In the smooth glossy condition, subjects' matches deviated strongly from the predictions of the model, as can be seen comparing Figure 8 and Figure 10D or in Figure 10E. These conditions were also especially variable between subjects. These findings suggest that subjects use other cues or approaches in these conditions. 
Discussion
Overall, we find that subjects have a reasonably good understanding of how light distance affects shading, as in practically all conditions, subjects' responses increased linearly with the physical light source distance. However, they substantially overestimated the distance in our probe adjustment task, and the extent of this overestimation varied between subjects. 
In addition, the perception of light source distance was altered by the roughness and gloss of the illuminated object. The deviation from veridical perception caused by roughness was replicated in the matching task. This shows that observers cannot fully separate properties of the object from illumination properties. This finding fits well with the research showing effects of illumination on the perception of object properties, especially with previous studies that showed effects on the two object properties we studied (Ho et al., 2006, 2008; Te Pas & Pont, 2009). 
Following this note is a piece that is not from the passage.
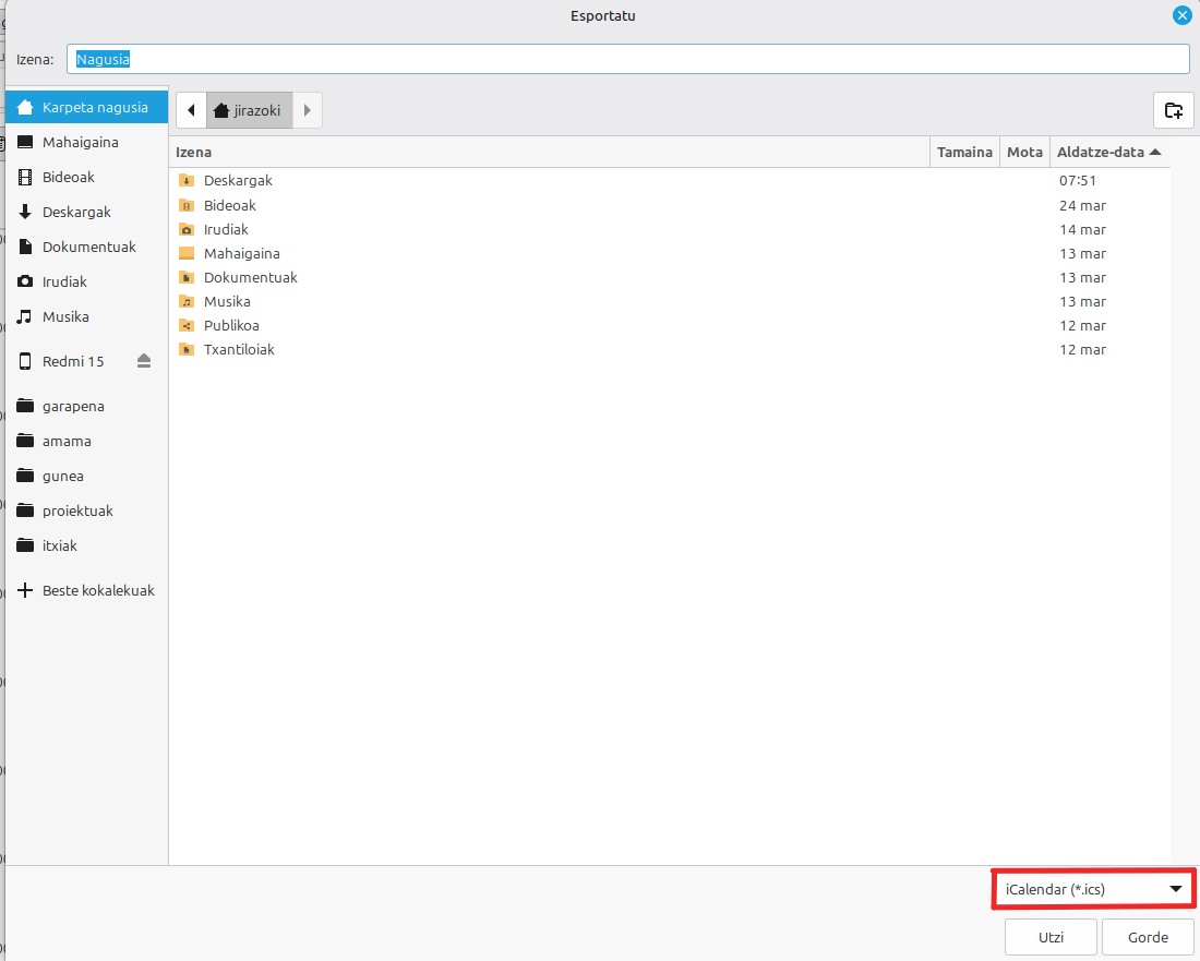 Esportatzerako garaian, ongi aukeratu ICS formatua.

The large intersubject differences suggest that judgments of object properties, such as lightness, roughness, gloss, or shape, are probably not based on the same explicit estimates of light source location that we measured here. Judgments of lightness, color, and shape usually exhibit smaller variability than we found here. It is important to point out that discounting the illuminant for the purpose of estimating object properties does not necessarily involve an explicit estimate of the position or properties of the physical source that provided that illuminant. We suggest that judging the properties of surfaces and judging the properties of light sources themselves are not inextricably coupled but rather complementary computations that draw on different aspects of the shading patterns in the image. 
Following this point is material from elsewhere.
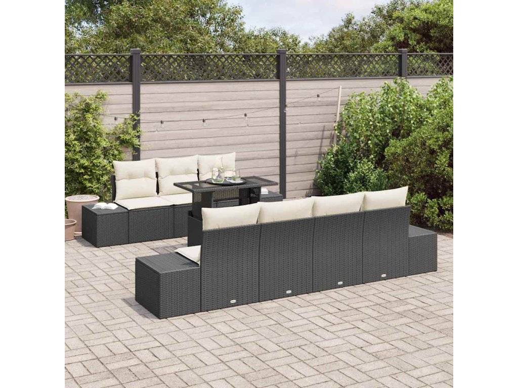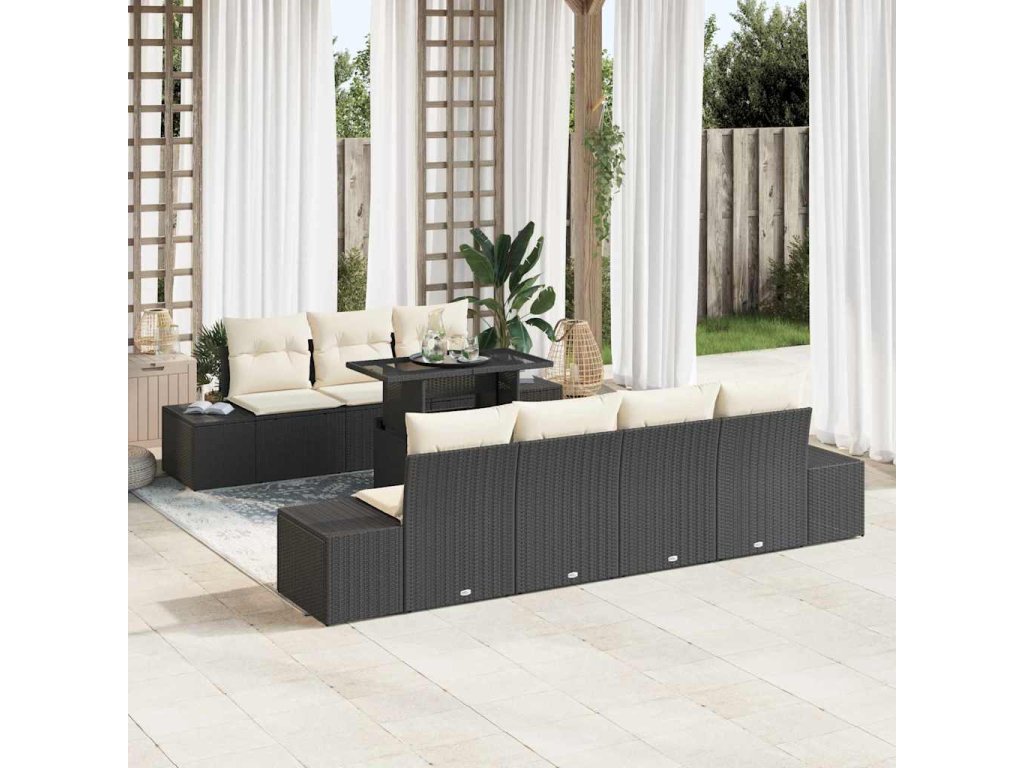 Set pohovek s polštářem 8 pcs Černá a krémová polyratan 3349123

Despite the overall similarities between the results of the two experiments (probe setting and asymmetric matching), there were also a couple of substantial differences between them. These include, most notably, (a) the tendency to overestimate distances in the probe settings, which was absent from the matching experiment, and (b) the large differences with the smooth glossy surfaces in the matching experiment, which was not observed in the probe adjustments. There are several possible explanations of these discrepancies. 
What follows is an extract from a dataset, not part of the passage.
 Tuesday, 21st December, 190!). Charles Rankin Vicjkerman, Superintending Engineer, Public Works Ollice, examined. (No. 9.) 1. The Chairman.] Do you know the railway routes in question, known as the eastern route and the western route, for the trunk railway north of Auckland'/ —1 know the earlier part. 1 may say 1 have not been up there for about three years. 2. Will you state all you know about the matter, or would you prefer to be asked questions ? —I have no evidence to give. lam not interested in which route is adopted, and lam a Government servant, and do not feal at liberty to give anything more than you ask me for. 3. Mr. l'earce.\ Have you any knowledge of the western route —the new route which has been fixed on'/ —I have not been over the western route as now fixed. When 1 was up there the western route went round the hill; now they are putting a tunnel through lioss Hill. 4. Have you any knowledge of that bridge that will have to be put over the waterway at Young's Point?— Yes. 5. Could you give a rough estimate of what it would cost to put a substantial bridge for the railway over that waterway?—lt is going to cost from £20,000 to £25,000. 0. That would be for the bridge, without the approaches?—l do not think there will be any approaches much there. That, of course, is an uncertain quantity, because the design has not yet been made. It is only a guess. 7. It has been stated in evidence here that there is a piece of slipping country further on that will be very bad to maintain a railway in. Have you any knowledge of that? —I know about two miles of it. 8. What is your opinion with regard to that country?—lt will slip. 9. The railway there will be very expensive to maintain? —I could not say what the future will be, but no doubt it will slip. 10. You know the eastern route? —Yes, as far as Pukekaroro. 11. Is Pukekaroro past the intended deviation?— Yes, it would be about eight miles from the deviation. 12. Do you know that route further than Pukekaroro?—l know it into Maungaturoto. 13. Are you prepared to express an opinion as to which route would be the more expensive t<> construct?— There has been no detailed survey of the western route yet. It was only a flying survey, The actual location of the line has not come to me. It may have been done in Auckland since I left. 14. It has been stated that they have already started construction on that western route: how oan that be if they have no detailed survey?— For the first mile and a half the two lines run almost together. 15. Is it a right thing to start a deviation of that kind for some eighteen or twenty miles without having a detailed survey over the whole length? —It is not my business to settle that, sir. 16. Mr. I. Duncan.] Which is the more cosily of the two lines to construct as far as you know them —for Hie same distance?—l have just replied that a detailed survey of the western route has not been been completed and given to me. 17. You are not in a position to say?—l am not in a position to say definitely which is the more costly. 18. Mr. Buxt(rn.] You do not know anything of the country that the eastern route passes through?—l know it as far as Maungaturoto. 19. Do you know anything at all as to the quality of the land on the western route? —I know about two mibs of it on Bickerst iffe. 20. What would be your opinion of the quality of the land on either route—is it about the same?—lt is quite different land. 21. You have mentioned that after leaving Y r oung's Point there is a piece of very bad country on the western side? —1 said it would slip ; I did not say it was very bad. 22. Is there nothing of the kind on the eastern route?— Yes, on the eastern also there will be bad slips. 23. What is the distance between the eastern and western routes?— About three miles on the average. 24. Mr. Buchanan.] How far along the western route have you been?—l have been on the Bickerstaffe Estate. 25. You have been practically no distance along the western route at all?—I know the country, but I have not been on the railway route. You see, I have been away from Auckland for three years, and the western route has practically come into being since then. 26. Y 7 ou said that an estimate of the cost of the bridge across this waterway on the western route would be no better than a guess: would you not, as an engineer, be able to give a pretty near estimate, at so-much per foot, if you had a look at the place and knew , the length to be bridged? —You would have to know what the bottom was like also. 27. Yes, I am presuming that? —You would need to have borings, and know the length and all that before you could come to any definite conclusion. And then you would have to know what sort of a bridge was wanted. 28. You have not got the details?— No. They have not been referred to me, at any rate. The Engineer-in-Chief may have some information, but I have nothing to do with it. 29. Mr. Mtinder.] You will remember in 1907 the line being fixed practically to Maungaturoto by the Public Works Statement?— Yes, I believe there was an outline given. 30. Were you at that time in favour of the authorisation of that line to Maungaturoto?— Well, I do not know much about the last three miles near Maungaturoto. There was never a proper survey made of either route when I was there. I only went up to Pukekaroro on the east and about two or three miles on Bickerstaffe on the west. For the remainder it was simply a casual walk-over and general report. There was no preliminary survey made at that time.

The first is that the probe adjustment task involved absolute judgments of physical distance, whereas the matching task requires relative judgments. Specifically, in the probe adjustment task, misperception of the absolute position of either the light source (as depicted by the shading) or the probe (due to weak stereoscopic cues to depth) would lead to measurable errors in the responses, as observed. By contrast, in the matching task, only differences in misperception between the test and match images would be visible in the results: Misperceptions that were common to both test and match stimuli would lead to settings along the y = x diagonal. 
Second, the nature of the tasks may have caused the observers to attend to somewhat different aspects of the shading patterns in the two experiments. For the probe task, the process of adjusting the probe did not in any way alter the pattern of shading on each stimulus. By contrast, for the matching task, observers directly controlled the shading pattern on the surface: making it brighter and more focused or dimmer and more diffuse. This may have encouraged subjects to match the properties of the highlight region (as it appeared in the image) as a proxy for matching the perceived light source distance. Taking such an approach would cause the settings for the smooth glossy to be outliers, as the brightness and spatial distribution of the specular highlight was quite different than for the matte or rough surfaces. 
Third, it is also worth noting that the size and stereo depth of the images were different in the two experiments. We believe that this had a negligible effect on the results of the matching experiment as, again, the task did not require absolute judgments of depth, only relative judgments of shading appearance. 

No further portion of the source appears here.